Originally Posted by
Dianna219
TRUST- Jazzer hit it right on the head. Bear Stears was the target of malicious rumors being spread about the organization throughout the investment community, wrongfuly so, which in a matter of days, effected it's LIQUIDITY!!!
Therefore it's ability to operate was greatly impacted throughout the world and simply, nobody would trade with them (wonder who started that rumor, any thoughts???), as far as their investment base is concerned it was, is very diverse, teachers pension funds, government emlpoyees, private industry as well as many individuals (not all with 100mm net worth, mm=million in true lending write-ups, not car loans and consumer b.s) who utilized them for investment purposes, yes, something other than that never ending "I'll put you into a mutual fund" crap contunuously preached by your "local banker or stock broker" actually some people do have the "nerve" to make their own "calls", the nerve of them, bucking the "safe system", sheesh. If Bear Srearn were allowed to fail, then what would have happened to all of those teachers, municipal, county, state and federal employees "investment" and even the baker, candelstick maker and indian chief? Another typical scenario of those poor folks at WorldCom or Enron, (Greed is Good, who said that, hmm, and so is the company hyp, sorry any "victims") why would you want to invest in your employer, anyway, isn't your time investmernt good enough.
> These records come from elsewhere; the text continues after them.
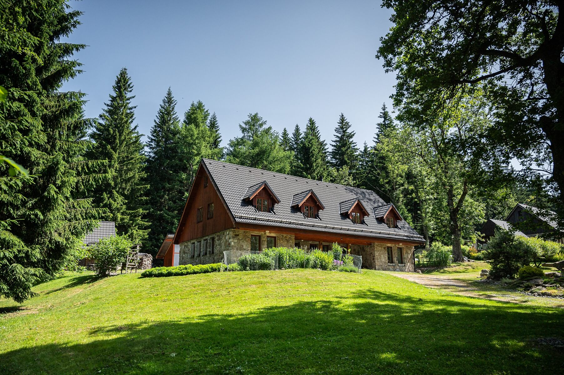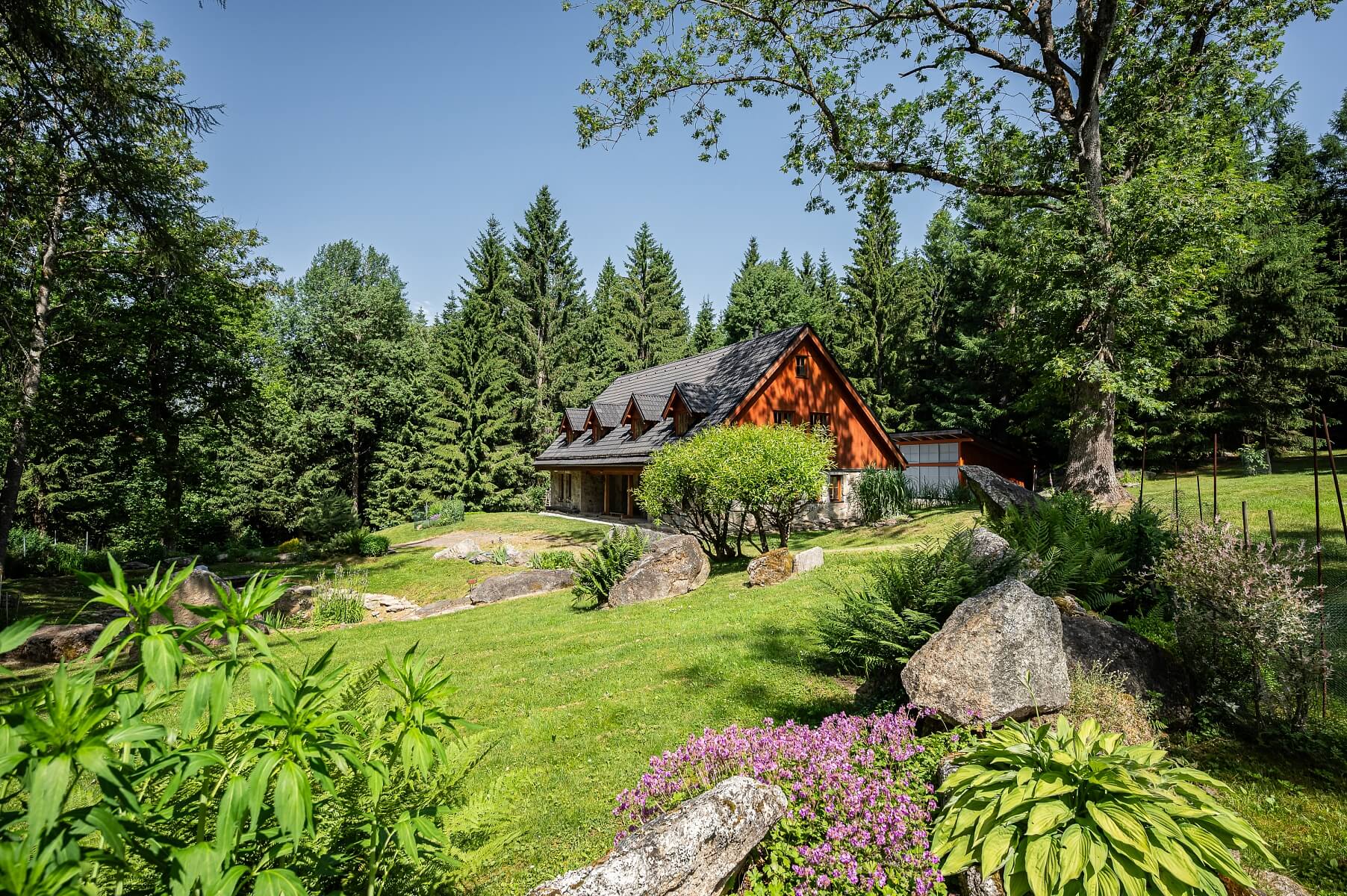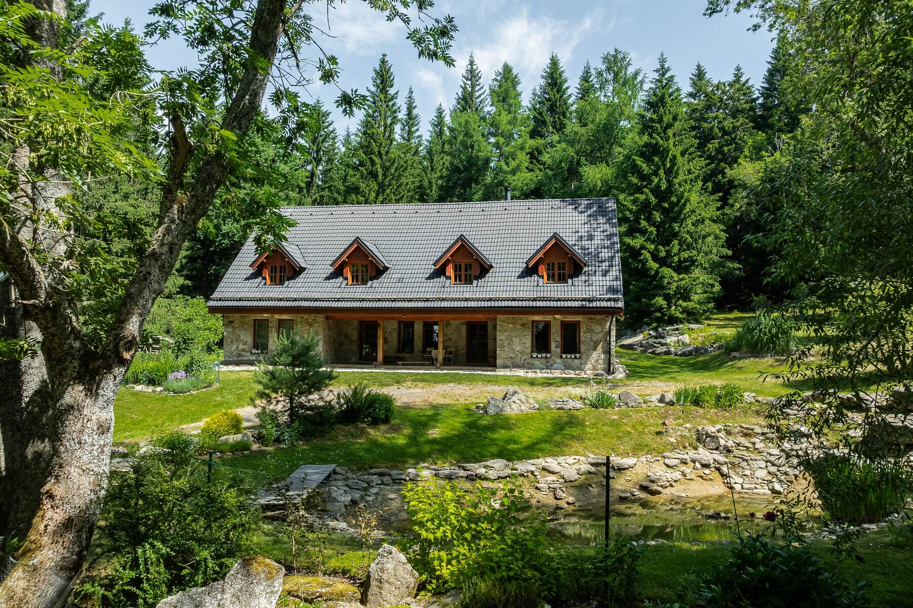 Dřevěná okna a obložení fasády přírodním kamenem zdůraňují tradiční horský styl domu, který se odráží také v interiérech. V přízemí a prvním patře je instalováno podlahové topení obsluhované tepelným čerpadlem, které lze ovládat dálkově. K vytápění slouží i krbová kamna Jotul. Zdrojem kvalitní pramenité vody je místní vydatný vrt s vlastní vodárnou, odpadní vody jsou řešeny jímkou o objemu 12 m3. Dům je monitorován kamerovým systémem, nechybí ani příprava pro zabezpečovací systém.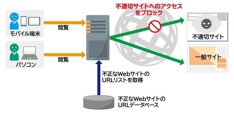 フィッシングサイトやウイルスを配布するような不正なWebサイトのアドレスをURLデータベースから取得し、Web(URL)のフィルタリングを行うことで、アクセスを制限します。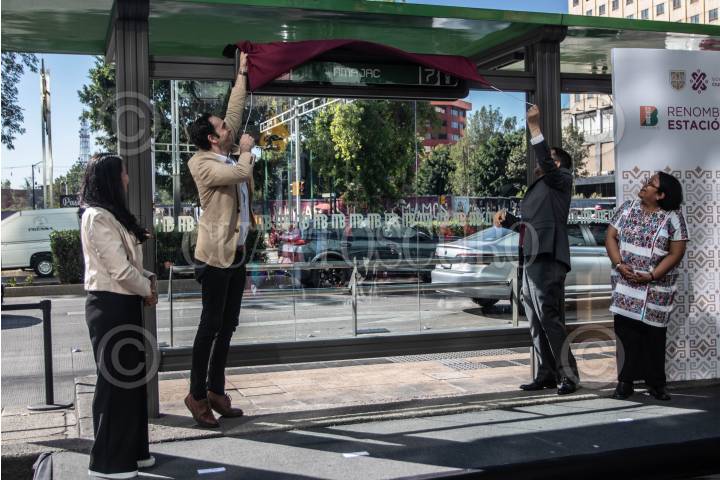 CIUDAD DE MÉXICO, 10OCTUBRE2013.- Martí Batres Guadarrama encabezó el Renombramiento de la estación Cristobal Colón de Metrobus por Amajac nombre d ella estatua colocada a un costado de la glorieta ubicada en paseo de la reforma. FOTO: ANDREA MURCIA /CUARTOSCURO.COM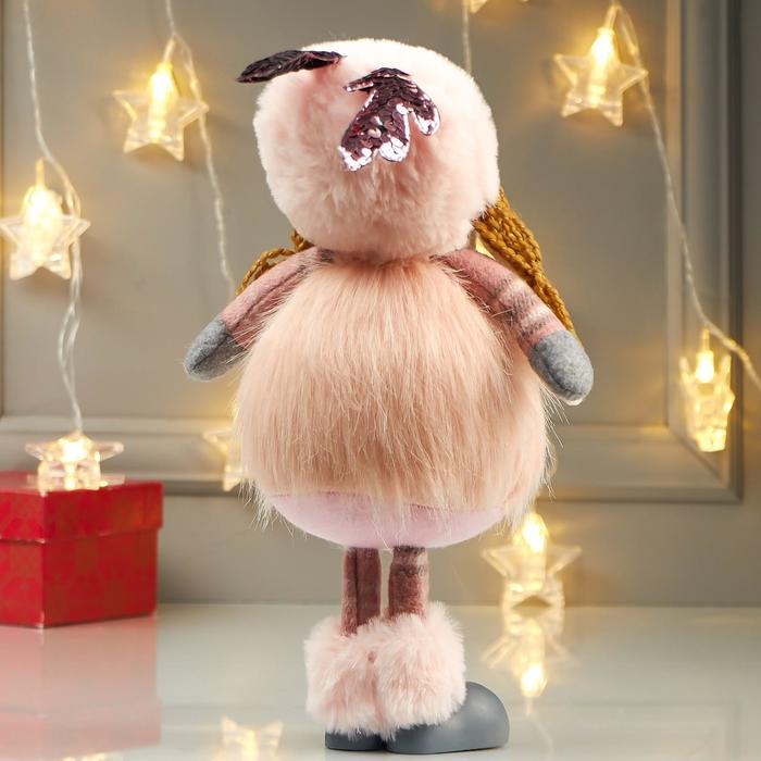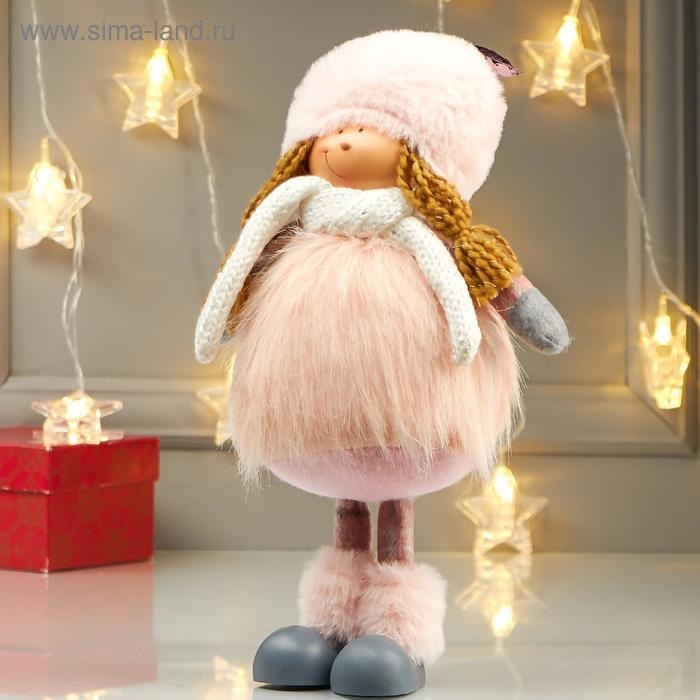 Кукла интерьерная "Девочка в розовой шубке и в шапке с ушками" 38х11х16 см
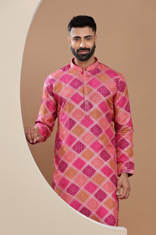 Pink Bandhani Kurta Set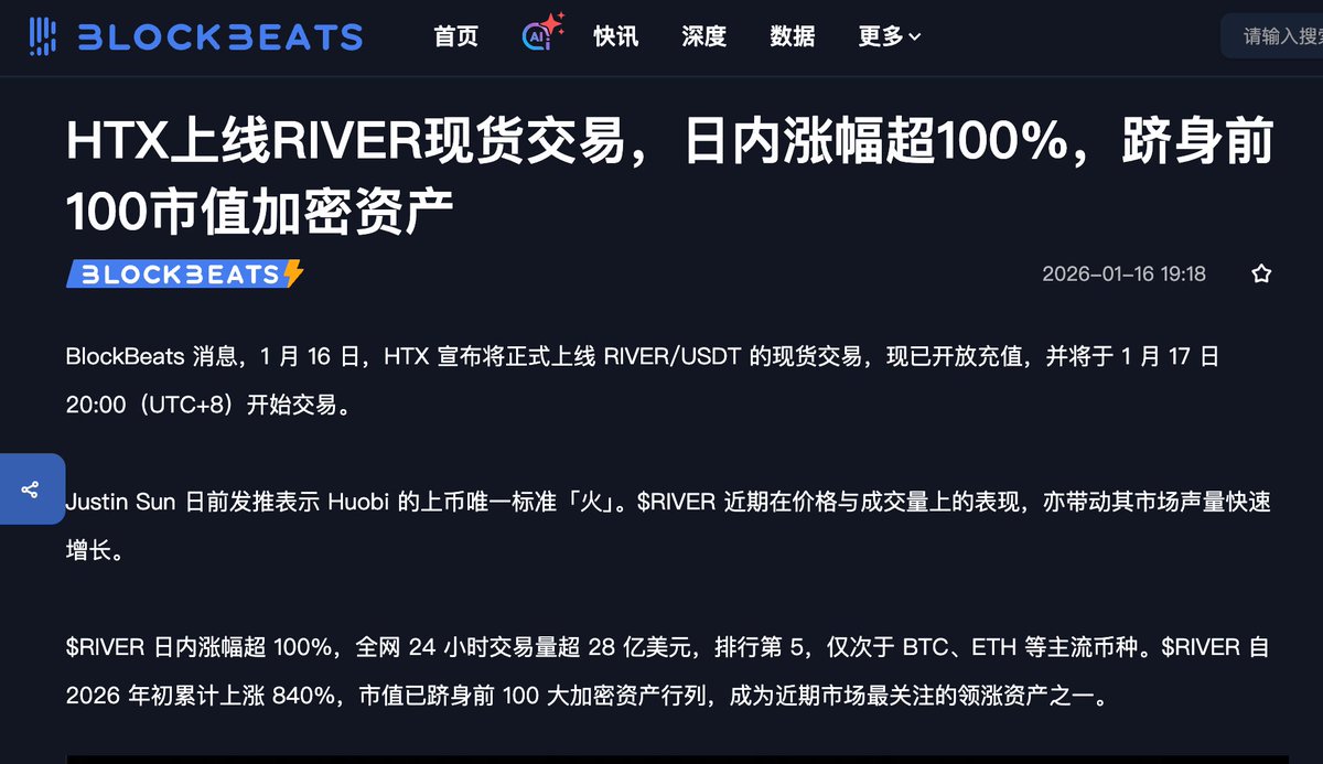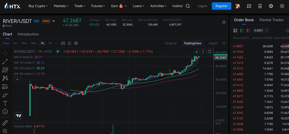 $RIVER 现货新增 HTX 一站,给点力上更多 top cex 现货,让质押的兄弟们也被动发财一波吧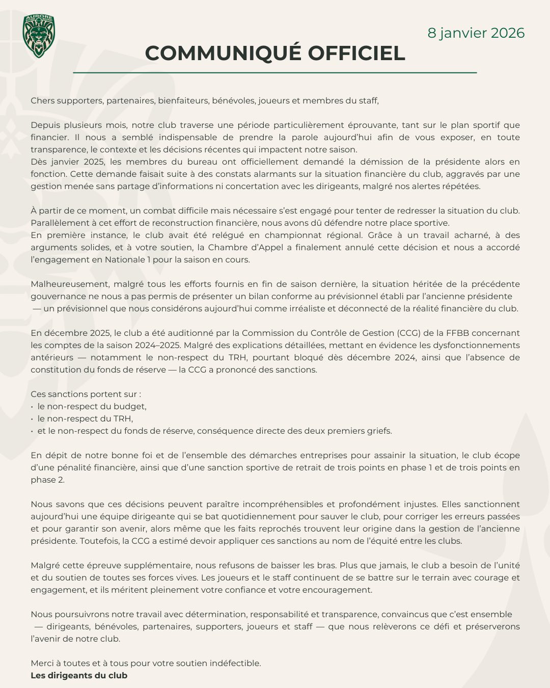 Après une audition organisée en décembre 2025, la Commission de Contrôle de Gestion (CCG) de la FFBB a confirmé la double pénalité : retrait de points et amende, motivés par le non-respect du budget, du tableau des ressources humaines, et du fonds de réserve obligatoire.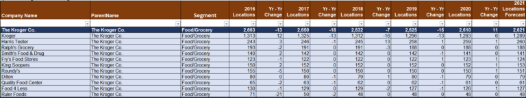 Food/Grocery (Kroger, Safeway, Trader Joe’s, Wakerfern) Preview Here is a sample of the output. The dark blue is the line for a parent company. The lighter blue are the subsidiaries.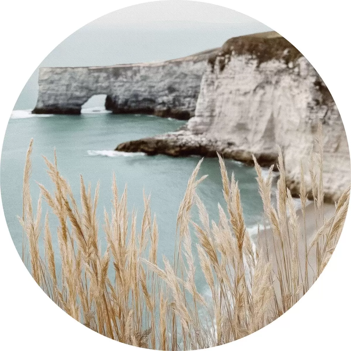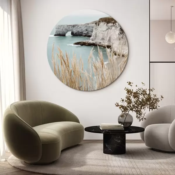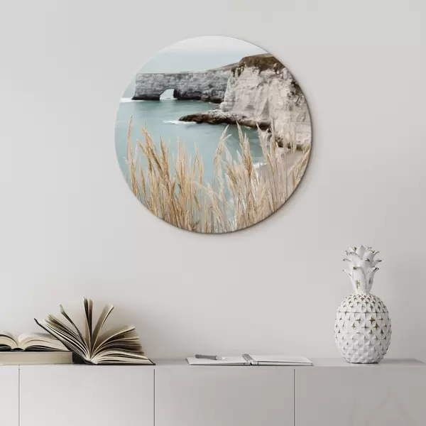 Кругла картина Прибережні скелі з очеретом на передньому плані Nr r46141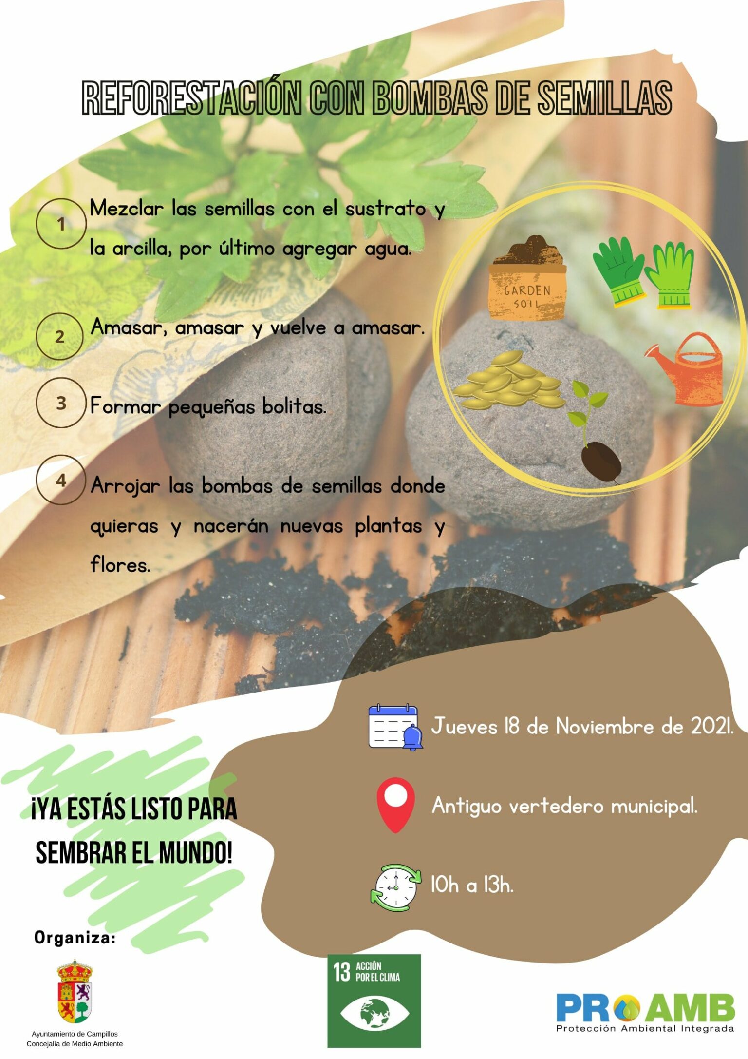 El V Programa Anual de Educación Ambiental del Ayuntamiento de Campillos acogerá una nueva actividad este mes de noviembre. En este caso, la campaña versará sobre la reforestación con bombas de semillas y se desarrollará en consonancia con los Objetivos de Desarrollo Sostenible (ODS) números 11 (ciudades y comunidades sostenibles) y 13 (acción por el clima).
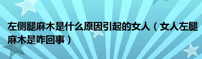 大家好,linda来为大家解答以上的问题。左侧腿麻木是什么原因引起的女人,女人左腿麻木是咋回事很多人还不知道,现在让我们一起来看看吧!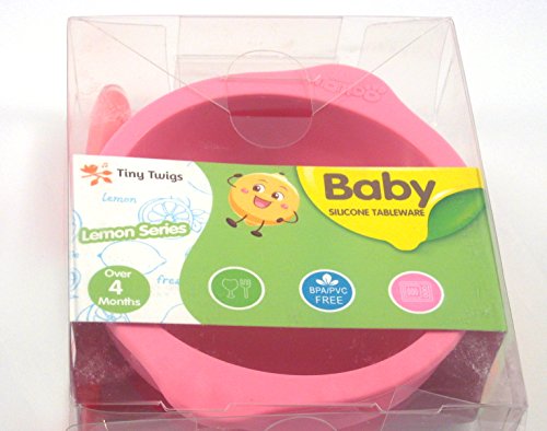 -. Feature : The Tiny Twigs bowl set includes a silicone suction bowl and a flexible soft tip silicone spoon of similar color / Material is 100% food grade silicone that is non-toxic, free of BPA, lead and Phthalates and is bacteria resistant making it safe and hygienic for your baby / The stay-put suction base helps prevent spills and avoid mess and the material is heat resistant, durable and unbreakable / Can be safely used in the microwave, freezer, in top rack of dishwasher and be boiled to sterilize / Holds 8 oz (225 ml) of food; can be used for infants 4 months and above
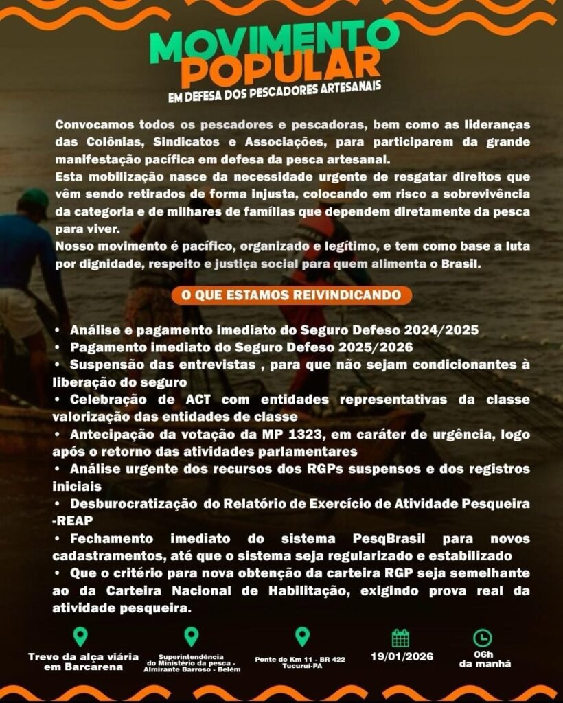 Na região Norte, a manifestação ocorrerá no Trevo da Alça Viária, em Barcarena (PA), na Superintendência do Ministério da Pesca – Almirante Barroso, no dia 19 de janeiro, a partir das 6h.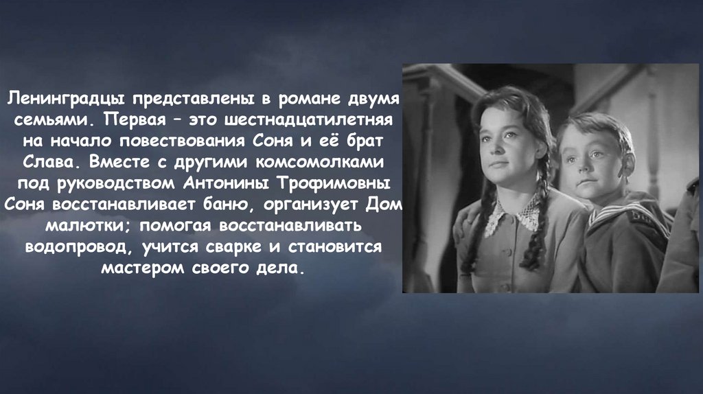 Ленинградцы представлены в романе двумясемьями. Первая – это шестнадцатилетняя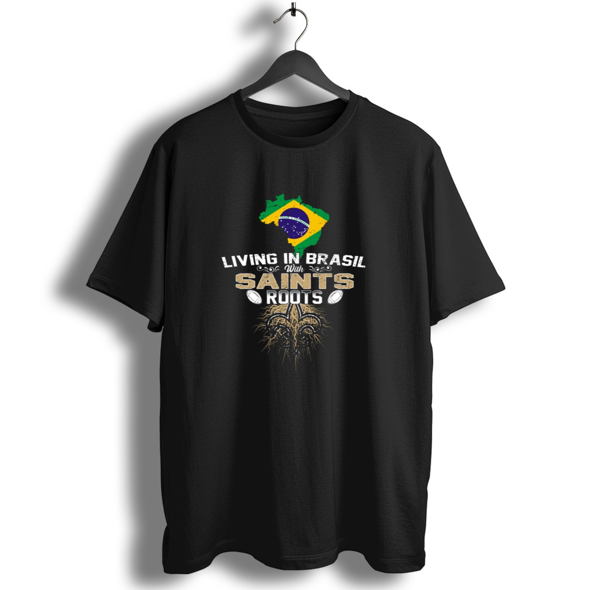 Celebrate your love for Brazil and its rich cultural heritage with our Living In Brasil With Saints Roots Football Theme T-shirt. Perfect for fans of the beautiful game, this shirt is ideal for casual outings, themed events, or simply expressing your passion for football. The unique fan-made design, proudly printed in the USA, features a vibrant Brazil map intertwined with a fleur de lis, making it a standout piece for any football enthusiast.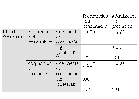 Los resultados demostraron que existe una correlación positiva alta de .722 con un nivel de significancia de .000, por lo tanto, se acepta la hipótesis alterna que sostiene que las preferencias del consumidor se relacionan con la adquisición de productos durante el periodo de pandemia en Lima Metropolitana.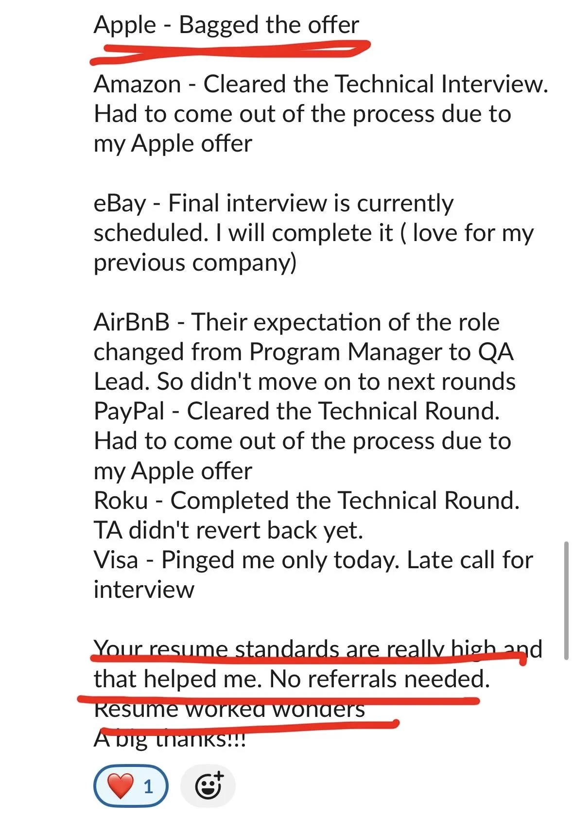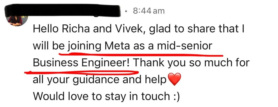 "If you want to be fearless in your career, grow, become confident and get what you deserve for your abilities, you need to work with Richa. Within days of updating my Resume, I got interviews from Google, Amazon, Coinbase, Meta and countless other companies. This program taught me how to interview confidently, highlight my achievements and land the next level role I deserved."

Good thing the Fed actually had the balls to do it, remember before the FDIC , all banks were "private" which resulted in the run on banks etc. After all isn't the purpose of a central bank to insure the "liquidity"of the capital base and therefore insuring the depositor base, regardless of size?!! to withdraw, deposit or invest as the capital base see's fit in their own minds. Plus, remember you are only insured by the FDIC to 100myes, that would be a thousand, not a "k") "per person" not, "per account".